Portées par la montée en puissance des exportations de pétrole brut, d’or et de gaz naturel liquéfié, les ventes extérieures du Sénégal ont fortement accéléré en mars 2026. Cette dynamique a permis au pays d’enregistrer un excédent commercial de 183,8 milliards de FCFA, après un déficit le mois précédent.
L’économie sénégalaise bénéficie pleinement de la montée en régime de ses exportations extractives. En mars 2026, les exportations de biens ont atteint 713,4 milliards de FCFA, en hausse de 57,4 % par rapport au mois précédent.

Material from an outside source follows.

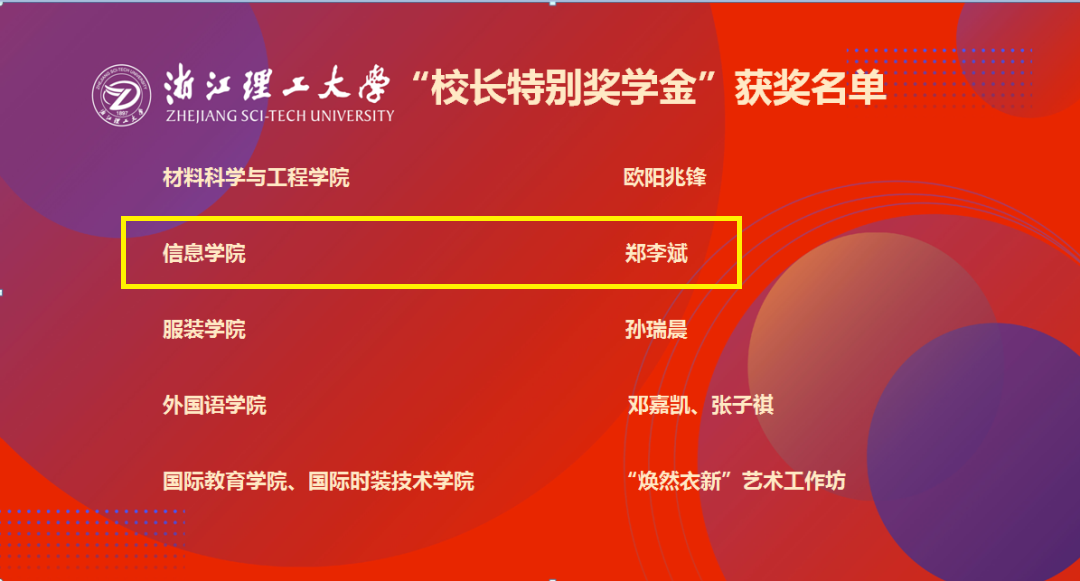 2019级软件工程专业硕士研究生郑李斌获得了“校长特别奖”。他两年综合测评排名专业第一和第二,曾获国家奖学金、校三好研究生和优秀研究生干部等奖项、荣誉。科研学习方面发表SCI二区期刊《SCIENCE CHINA Information Sciences》论文一篇,EI收录国际会议DSA论文一篇。同时在文体竞赛等方面上取得了优异成绩,他以国赛6金2银2铜的成绩填补了学校在跆拳道项目国赛奖项上的空白,省赛2金再续浙理辉煌。

Le pétrole brut demeure le principal moteur de cette dynamique. Les ventes à l’international ont progressé à 227,5 milliards de FCFA contre 142,3 milliards en février. Les exportations d’or non monétaire ont également fortement accéléré, atteignant 162,9 milliards de FCFA après 90,7 milliards le mois précédent.
Le secteur des phosphates participe aussi à cette performance. Les exportations d’acide phosphorique ont représenté 55,3 milliards de FCFA en mars, alors qu’elles étaient quasiment inexistantes en février. De son côté, le gaz naturel liquéfié a généré 30,7 milliards de FCFA d’exportations contre 17,8 milliards auparavant.
Quelques secteurs industriels affichent toutefois un ralentissement. Les ventes extérieures de ciment hydraulique ont reculé à 11,8 milliards de FCFA contre 14,6 milliards en février, tandis que celles de titane sont revenues à 4,9 milliards de FCFA.
En glissement annuel, les exportations progressent de 73,3 %. Sur l’ensemble du premier trimestre, elles atteignent 1 579,2 milliards de FCFA, soit une hausse de 13,9 % comparativement à la même période de 2025.
Les importations évoluent, elles, à un rythme nettement plus modéré. En mars 2026, elles se sont élevées à 529,6 milliards de FCFA, en progression de 3,2 % sur un mois.
Cette hausse est principalement portée par les achats de riz, qui ont atteint 37,6 milliards de FCFA contre 13,2 milliards en février. Les importations de froment et méteil ont également fortement augmenté à 24,2 milliards de FCFA, tout comme celles d’engrais, passées de 1 milliard à 20 milliards de FCFA.
En parallèle, la facture énergétique s’est allégée. Les importations de pétrole brut ont chuté à 45,9 milliards de FCFA contre 78,7 milliards un mois plus tôt. Les achats de produits pétroliers raffinés ont également diminué à 98,9 milliards de FCFA.
Comparées à mars 2025, les importations enregistrent une baisse de 1,8 %. Leur cumul au premier trimestre ressort à 1 567,7 milliards de FCFA, soit un recul de 15,1 % sur un an.
Cette combinaison entre envolée des exportations et maîtrise des importations a profondément amélioré les comptes extérieurs du pays. La balance commerciale du Sénégal affiche ainsi un excédent de 183,8 milliards de FCFA en mars, après un déficit de 60,1 milliards le mois précédent.
Le redressement est particulièrement marqué dans les échanges avec la Suisse, où l’excédent commercial atteint 156,3 milliards de FCFA, ainsi qu’avec les Pays-Bas, où il grimpe à 150,9 milliards. Les relations commerciales avec l’Espagne et l’Inde se sont également améliorées.
À l’inverse, les déficits vis-à-vis de l’Allemagne, de la Thaïlande et de l’Argentine se sont creusés.
Au total, le Sénégal enregistre à fin mars 2026 un excédent commercial cumulé de 11,5 milliards de FCFA, alors qu’il affichait encore un déficit de 460,5 milliards de FCFA à la même période en 2025. Un basculement qui confirme l’impact croissant des hydrocarbures sur les équilibres macroéconomiques du pays.